The experiences of competing, not the winning or the losing that's, the purpose in this! Translated…
My daughter became a member of the badminton squad for a year now, and finally, in the summer of her third-grade year, she had the chance of competing. As I'd learned, that the coach's list of competitor had her name on it, being the smallest in size, lacking the experiences in playing, the most important thing for her to do in this competition, was to watch, and learn, to expand her experiences, to personally get into the competition, to feel the air. I'd prayed: I hope that she could do her best, but, won't let winning or losing get to her.
The process of her very first competition was too important, I'd originally worried she might be too nervous, and feel fearful of competing, the day before she was due to compete, I'd found her to me, wanted to give her a pep talk, to help her adjust her mind, to give her a ton of boost of my positive energies. But my daughter responded back to me all relaxed, "I'm so excited, it's like a fieldtrip!" and so, I'd, swallowed all my pep talk I'd originally planned, back, down, not a word was needed from me, good, she is in her mindset, I got no need to worry about her.
the serve...photo from online
The following day, my husband who'd accompanied her, sent me the photos of her in competition every now and then, so I could, participate in her activities.
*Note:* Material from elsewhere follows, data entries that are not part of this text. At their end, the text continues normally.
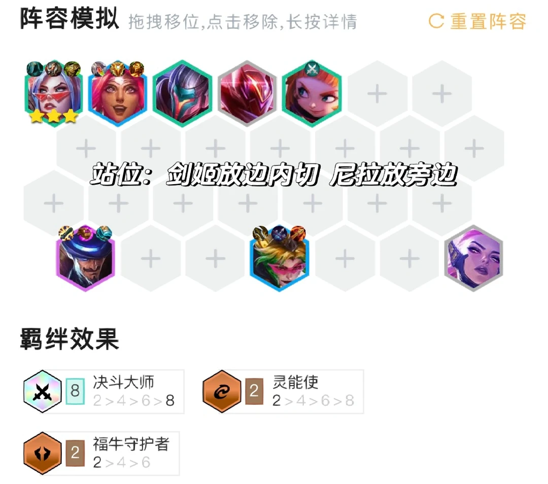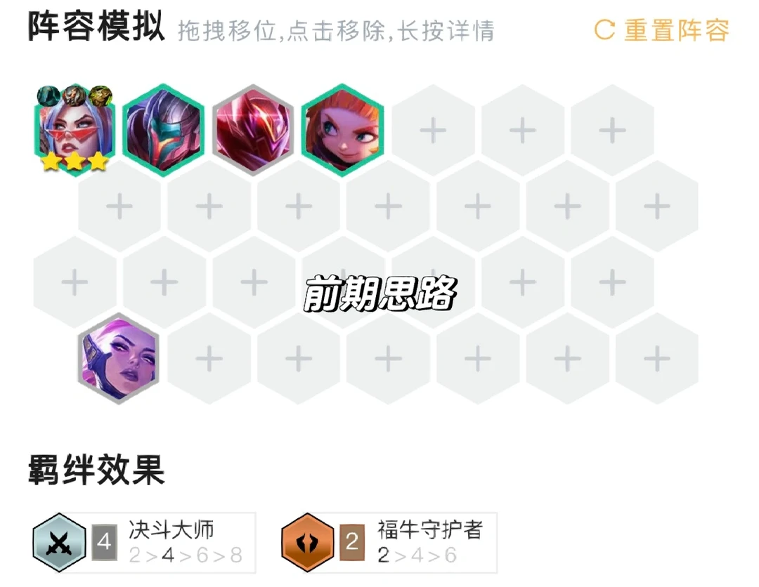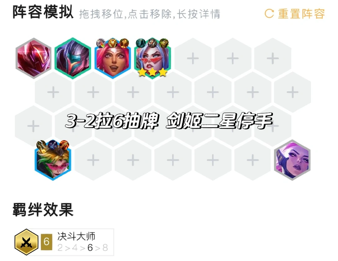 前期就4决斗配2福牛,有1-2件装备或者鸟盾几乎能连胜上6,6人口就启动了,直接硬抽6决斗,二星剑姬无脑连胜,然后先把体系牌全部抽到二星,然后卡利息追三星。
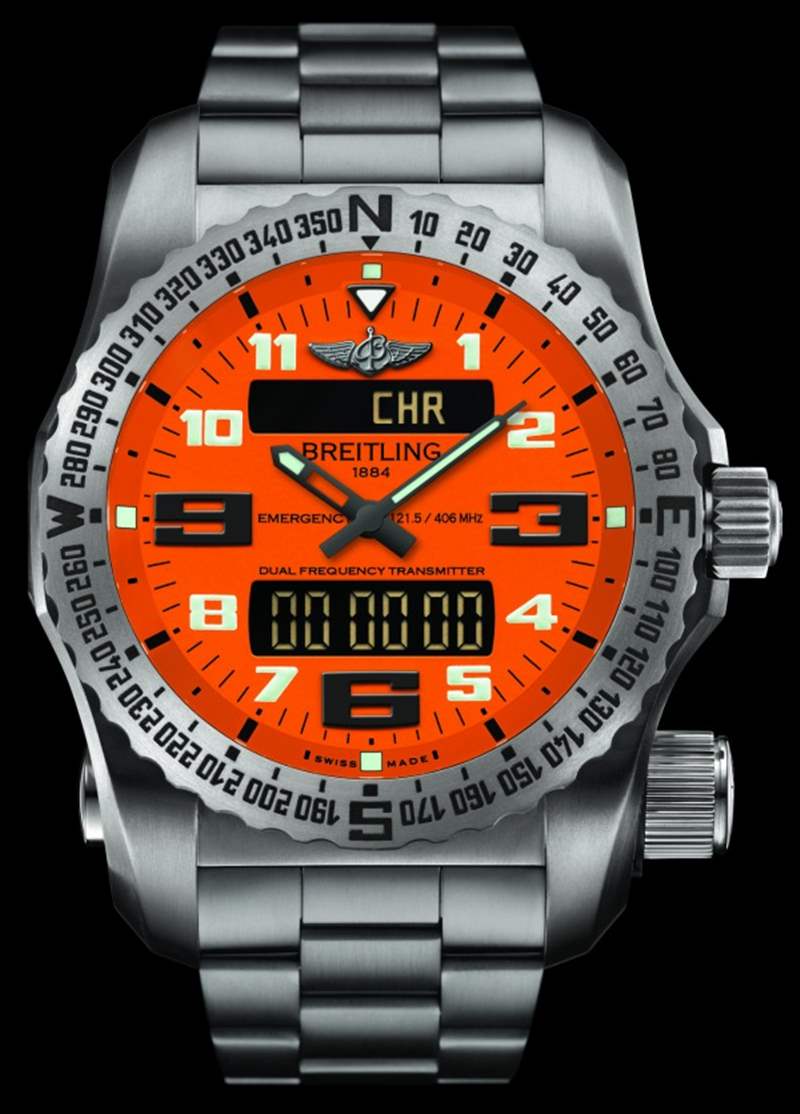 Emergency II 手表防水深度達(dá) 50 米,不適合在水下度過任何嚴(yán)肅的時(shí)光。表盤有黑色、黃色和橙色三種顏色。表盤上方是一塊藍(lán)寶石水晶表鏡,與表殼相連的是鈦金屬專業(yè)手鏈或百年靈 Diver Pro III 橡膠表帶。
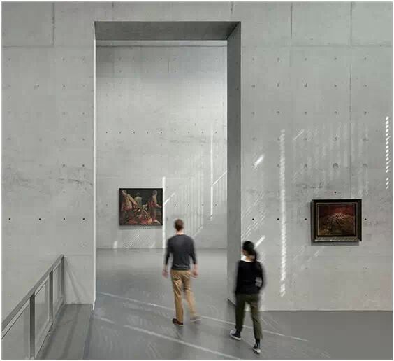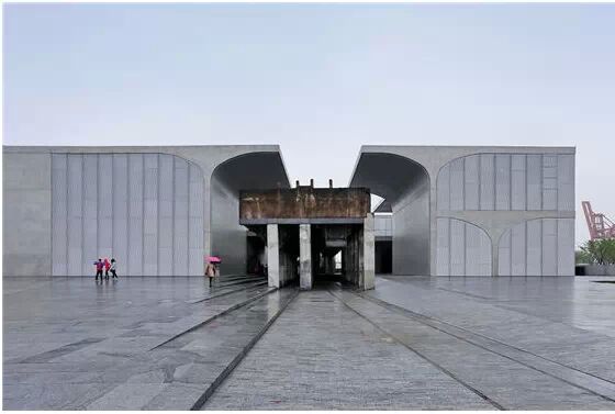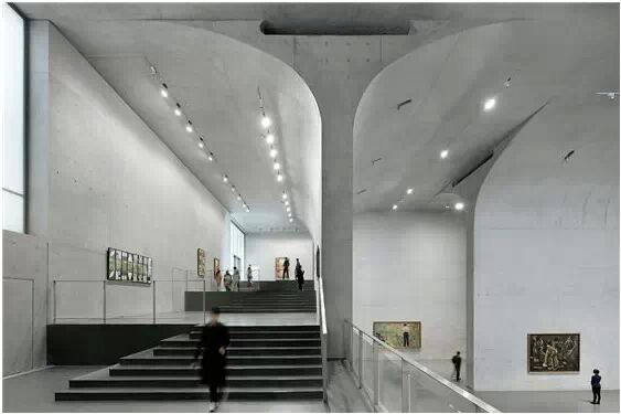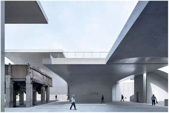 在“傘拱”結(jié)構(gòu)的空腔里,地面以上的“傘拱”覆蓋空間,墻體和天花均為清水混凝土的表面,它們的幾何分界位置也變得模糊。這樣的結(jié)構(gòu)性空間,在形態(tài)上不僅對人的身體形成庇護感,亦與保留的江邊碼頭的煤料斗產(chǎn)生視覺呼應(yīng)。建筑的內(nèi)部空間也得以呈現(xiàn)一種原始的野性魅力,而有著大小調(diào)節(jié)的空間尺度以及留有模板拼縫和螺栓孔的清水混凝土表面又會帶來一種現(xiàn)實感。這種“直白”式的結(jié)構(gòu)、材料、空間所形成的直接性與樸素性,加上大尺度出挑所產(chǎn)生的力量感或輕盈感,使整個建筑與原有場地的工業(yè)特質(zhì)間取得一種時間與空間的接續(xù)關(guān)系。地面以上的清水混凝土“傘拱”下的流動展覽空間和地下一層傳統(tǒng)“白盒子”式的展覽空間由一個呈螺旋回轉(zhuǎn)、層層跌落的階梯空間聯(lián)接,既原始又現(xiàn)實的空間和古代、近代、現(xiàn)代直到當(dāng)代藝術(shù)的展覽陳列,這種并置的張力,呈現(xiàn)出一種具有時間性的展覽空間。
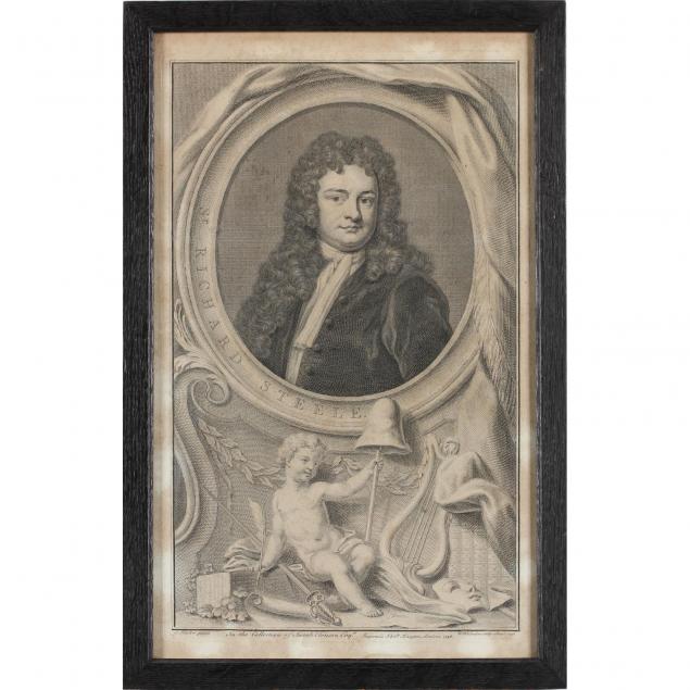 Subjects depicted are Mary Queen of Scots, King Charles the First, Sir Richard Steele and John Dryden. Each presented under glass in ebonized frames.
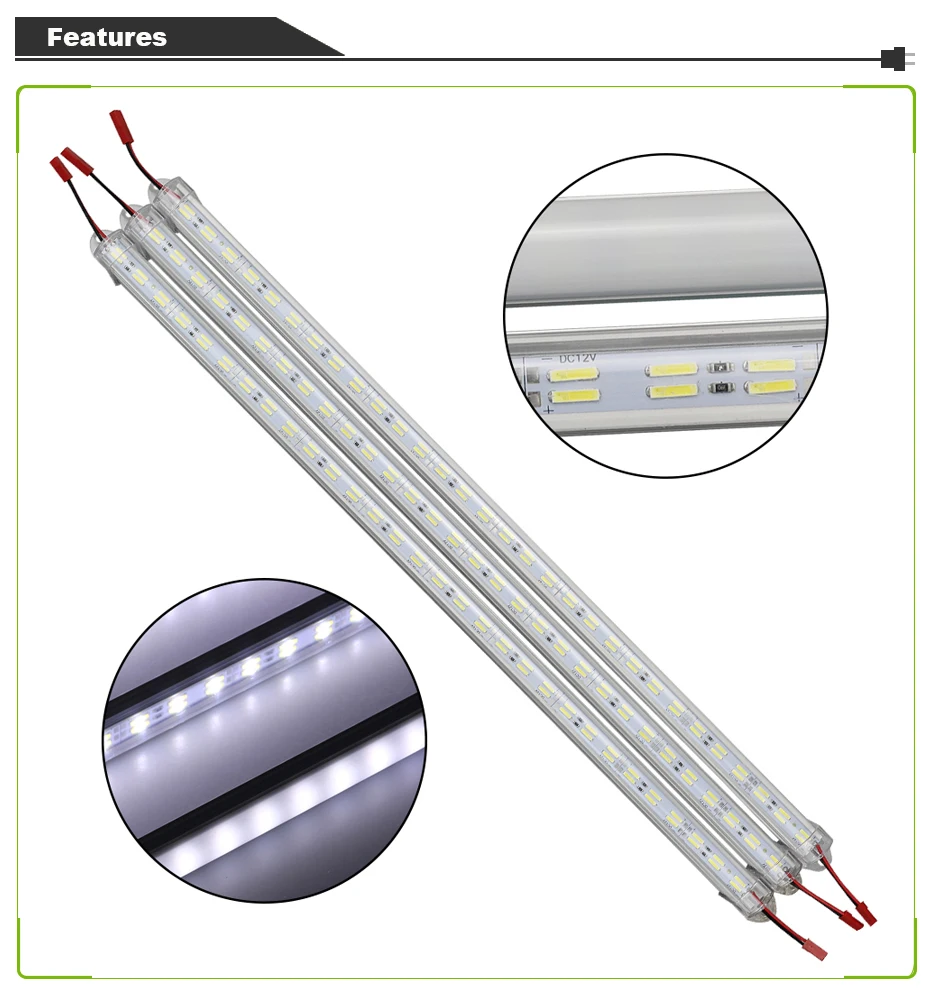 Особенности: 100% новый бренд. Супер яркий двухрядный 8520SMD, высокая интенсивность и надежность. Длительный срок службы 50000 + часов Низкая потребеление энергии Мощность: 5-7Watts/50 см светильник бар Полностью гладкий и ровный светильник, устраняющий неровные световые проблемы Ультра-яркий, но работает при низкой температуре Высокая яркость, низкий уровень мощности, долгий срок службы, простота установки, изготовление на заказ, Декоративный эффект-блестящий, энергосберегающий, экологически безопасный. Параметры: Модель: OY-YDT-34 Светодиоды: 72 светодиодов/шт (0,5 м) Длина: 50 см Напряжение: DC12V Мощность: 0,1 W/led Люмен/светодиодные лампы: 720-1080LM/0,5 м Цвет: холодный белый, теплый белый Чип: SMD 8520 Гарантия: 2 года (Чип на плате) Срок службы: 50000 часов Класс защиты: IP22 Разъем: u-образный разъем из алюминиевого сплава Цвет: Теплый белый: 2800-3200k; Белый: 5500-6500k Применение: Дизайн интерьера, например, украшение дома, отеля, KTV, бара, дискотеки, клуба и т. Д. Архитектурный дизайн, например, декоративное освещение для строений, декоративное освещение и т. д. Рекламные проекты, такие как уличные светящиеся вывески, украшение билборда и т. Д. Дизайн дисплея, например, украшение шкафа для напитков, обувного шкафа, ювелирной стойки и т. д. Подводное освещение, например, украшение аквариума, аквариума, фонтана и т. д. Городское украшение, ландшафтный дизайн, праздничное украшение и так далее.
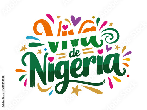 Viva de Nigeria lettering, bold script with hearts and stars, national pride design, celebratory hand lettered vector
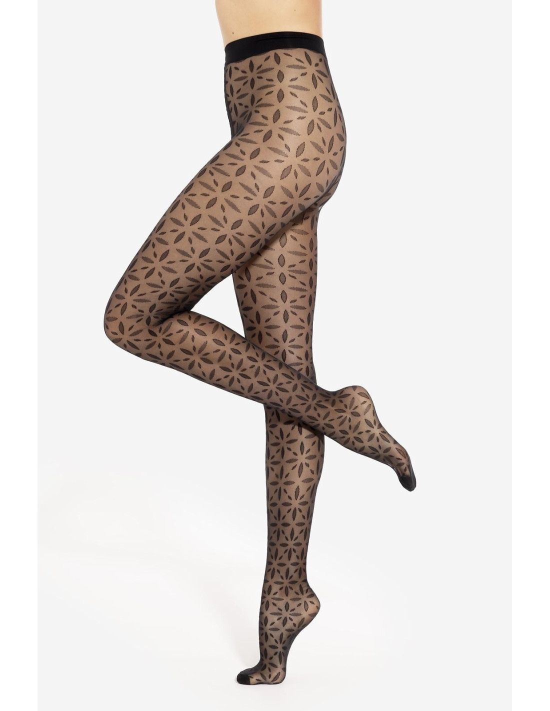 Rajstopy damskie, 20 den - wykonane z przędzy tipo elastan oplatany - matowe - efektowny wzór - wzmocnienia na palcach - bez zaznaczonej części majteczkowej - mały klin
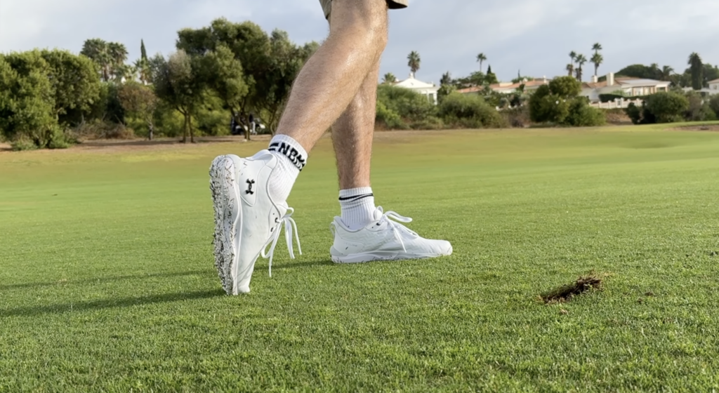 In terms of stability, full swings felt planted. There was no sliding inside the shoe, and the overall lockdown effect was noticeable. The outsole provides a good amount of flex — enough to move naturally while still resisting excessive twisting.
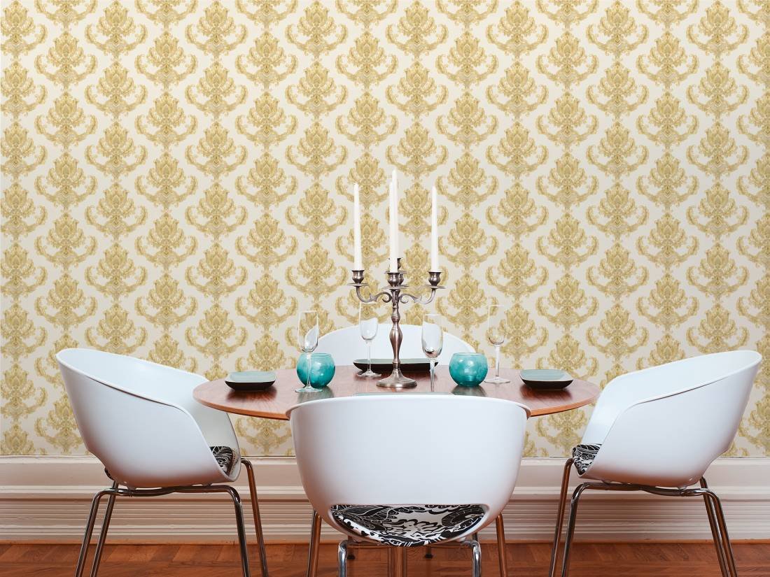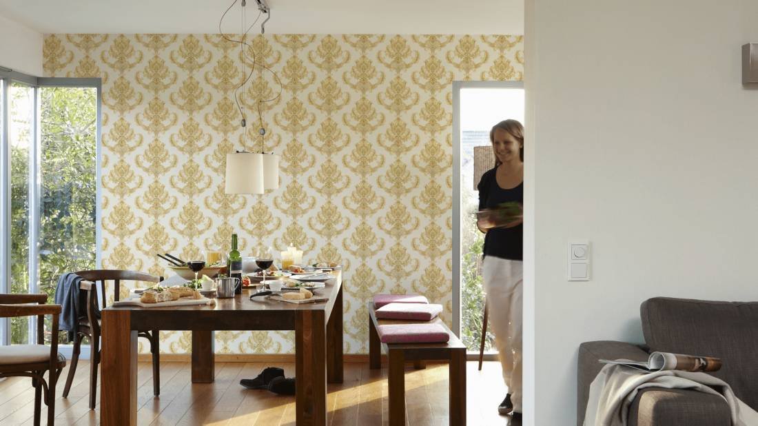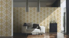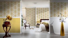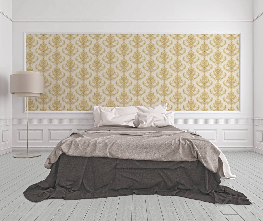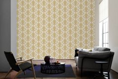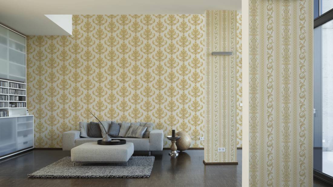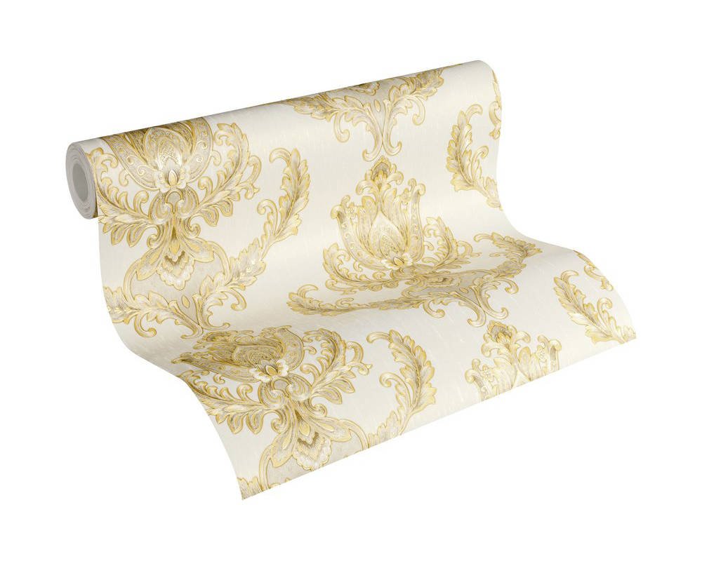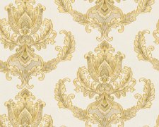 Luxusní vliesová tapeta 335463 v zámeckém stylu se zlatými barokními vzory. Podklad vliesové tapety Hermitage 10 je bílý.
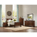 Traditional in design and modest in scale, the elegant Mayville Collection takes its design inspiration from the classic Louis Philippe styling. The Okume veneer of the mirror is paired with a brown cherry finish and classic framing that pairs perfectly with the available dresser.
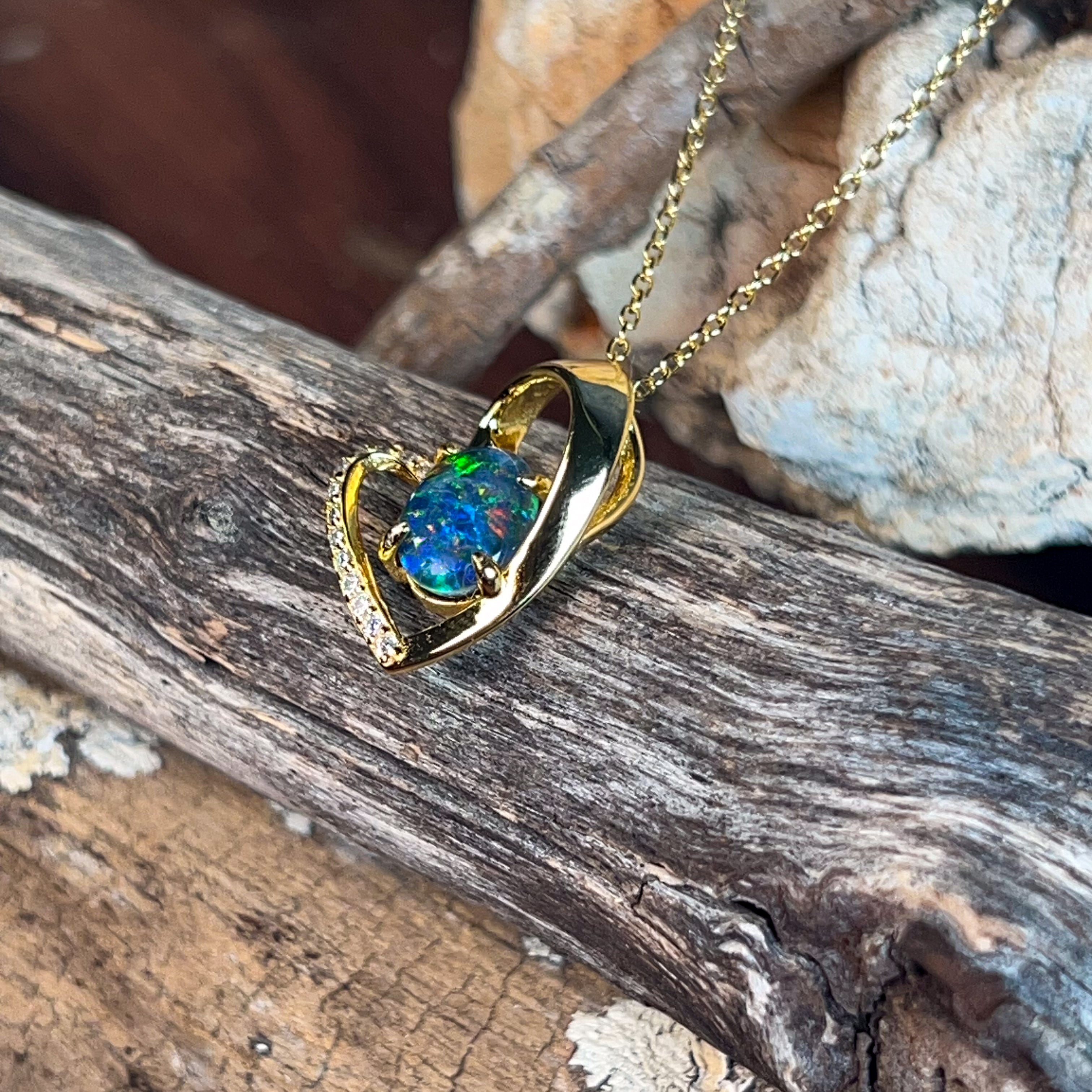 Gold Plated Heart design Opal triplet 9x7mm pendant

I saw that in the middle of the court, my daughter who's petite, with her hand on the racket, without any facial expressions, competing with a much taller opponent before the nets. The referee had to bend down to speak to the two little girls, that was such a cute sight. The game began, my daughter took one huge step, leapt up, smacked the shuttlecock, netted, the shuttlecock fell out of bounds, serve, picking it up, serving it again, picking it up, again………the game ended, too quickly, only a few short, minutes.
In those few short minutes, inside that square court, the serve, the receive, no pause, no dialogue, and, the air of the members of the spectators were held in, the hoorays sounded off, then, fell, silent, again. I couldn't guess what was on her mind during those few short minutes. But a thought fly by my mind: ah, could it be, her own, realm?
Recalling back to my own sports competitions, track in middle school, volleyball in high school, basketball in college, I'd not started competing as young as my daughter had, and I was a part of the whole group, and we all shared the wins, the losses, together. While in the badminton competitions, it's the players winning the points one by one by her/himself, waving those rackets hard, to get those points scored. My daughter, with the racket in her hand, walked toward her own, competition. I couldn't share any experiences of that with her, nor could I be there, to help her, release the pressures she was, feeling, she had to, go up against, an opponent, all by her, self, to experience, to get through, the competitions.
Or maybe, I'd preset it that she is to lose the game, or that I'd believed, that she didn't need to, beat anybody, she's there, for the, experiences of competition, to think how she was, going to, chase every ball, then, the opponent wasn't, an, opponent, any, more. And so, this real-time, was a realm of all her own. Started from nothing, no baggage, just to feel that first step out.
My husband told me, that after the game, as she came off the court, tears started falling, the coach noted it, gave her words of, encouragements. I really wanted to know how she was feeling at the time. I'd inquired when she got home, was she upset she'd, lost? Was she worried, or scared? Was she, blaming herself for not playing, well enough? She'd told me, it's none. Until bedtime, when she'd finally, sorted through all of her own, emotions, she'd told me, she was, a little bit, moved that the moment she'd walked off the court, she'd realized, she'd just, finished her very first competition, and reached the goal of earning at least five points in the game that the coach had set for her, she'd scored seven points.
I'd first, started, chuckling, felt that my daughter was, very, optimistic! Then, I'd started, crying, recalling how a year ago, when she was totally against getting into the teams, and look at her now, no matter if it was experiences in competitions, or growing stronger in her own mind, she'd gotten, way, ahead of, me already.
And so, this is how far your daughter had come, and, the point of these competitions is not to win, because, the competitors had played a hell of a lot longer than you, and it's just to get you to experience what it is like, standing on the ball court, to be in the game that's, the most important, because this will feed to your experience, if you continue to play on, and compete more times in your future.